* _Supplied information_
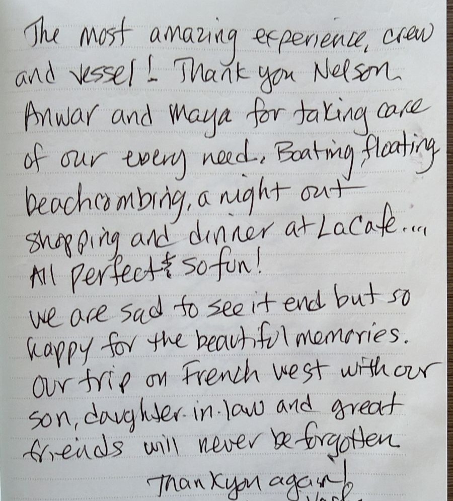 Thank you all for a trip to always remember and be grateful for. The French West is not only a beautiful boat but is run by such beautiful, capable and fun staff. Every detail was considered by the « dream team » and provided. May you continue to enjoy your position to help peoplesee the beauty of the sea.
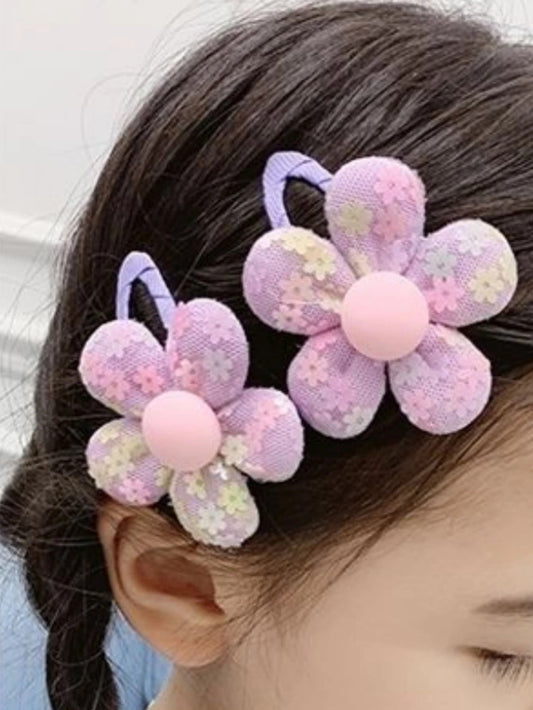 Store Hårspænder med Blomster & Pailletter - i Lilla
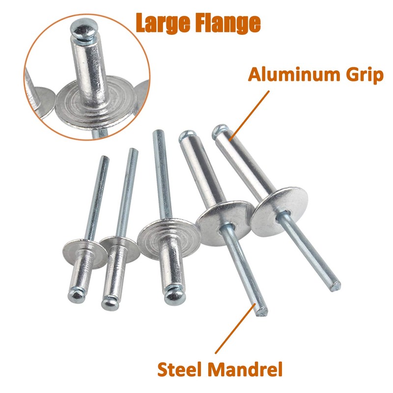 - STRONG HOLD - Large flange aluminum blind rivets can increase the connect area with the board to increase the force area. Thick shaft to ensure a secure hold and pop when tight.
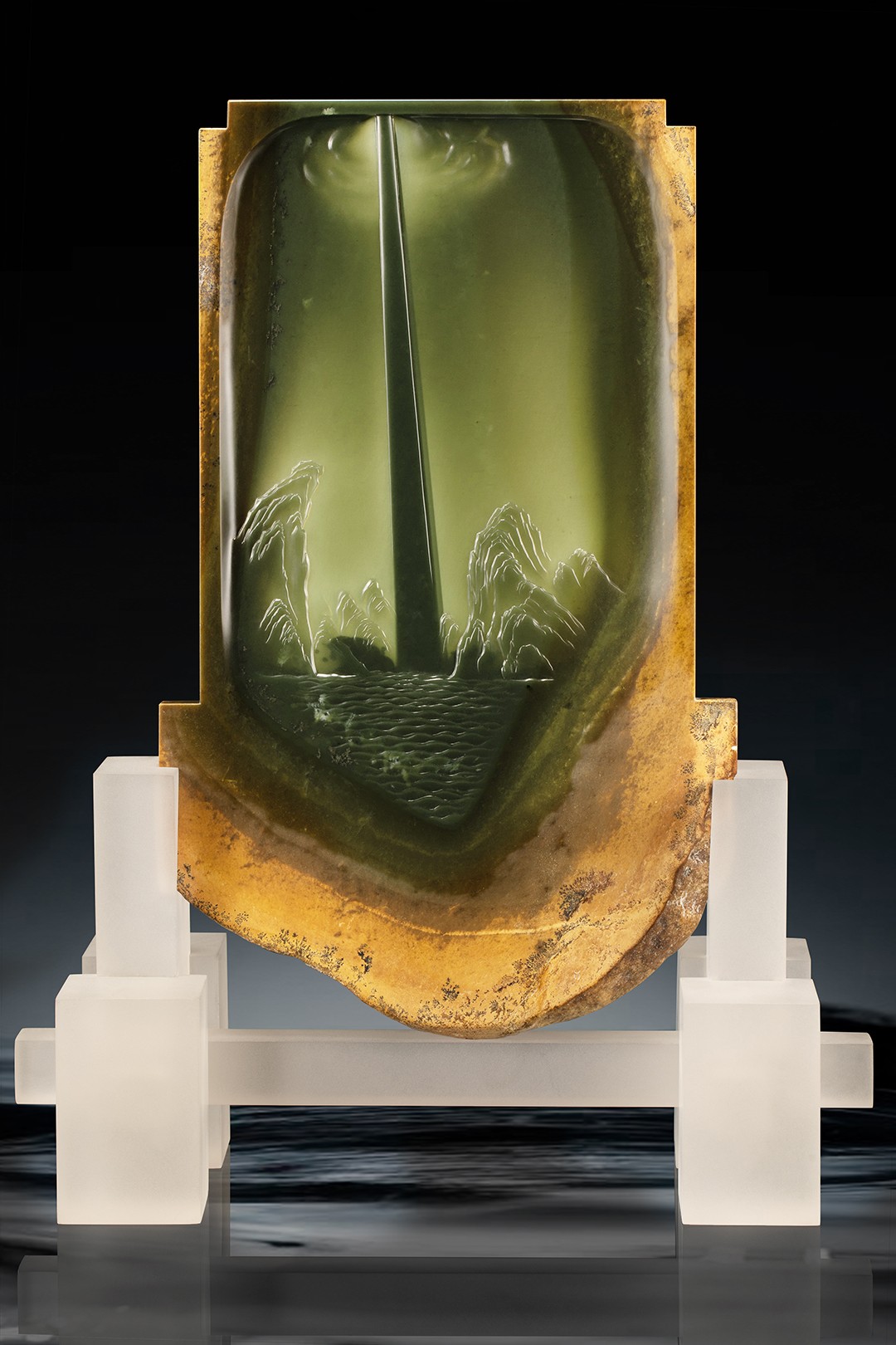 作者以刀作笔,运用留皮随形赋形技法,将析木玉的天然肌理转化为山海轮廓,体现“天人合一”的造物观。

* _What you need to do_
With the pictures left out, return all the material above exactly.

* _Response to the exercise_
 Thank you all for a trip to always remember and be grateful for. The French West is not only a beautiful boat but is run by such beautiful, capable and fun staff. Every detail was considered by the « dream team » and provided. May you continue to enjoy your position to help peoplesee the beauty of the sea.
 Store Hårspænder med Blomster & Pailletter - i Lilla
 - STRONG HOLD - Large flange aluminum blind rivets can increase the connect area with the board to increase the force area. Thick shaft to ensure a secure hold and pop when tight.
 作者以刀作笔,运用留皮随形赋形技法,将析木玉的天然肌理转化为山海轮廓,体现“天人合一”的造物观。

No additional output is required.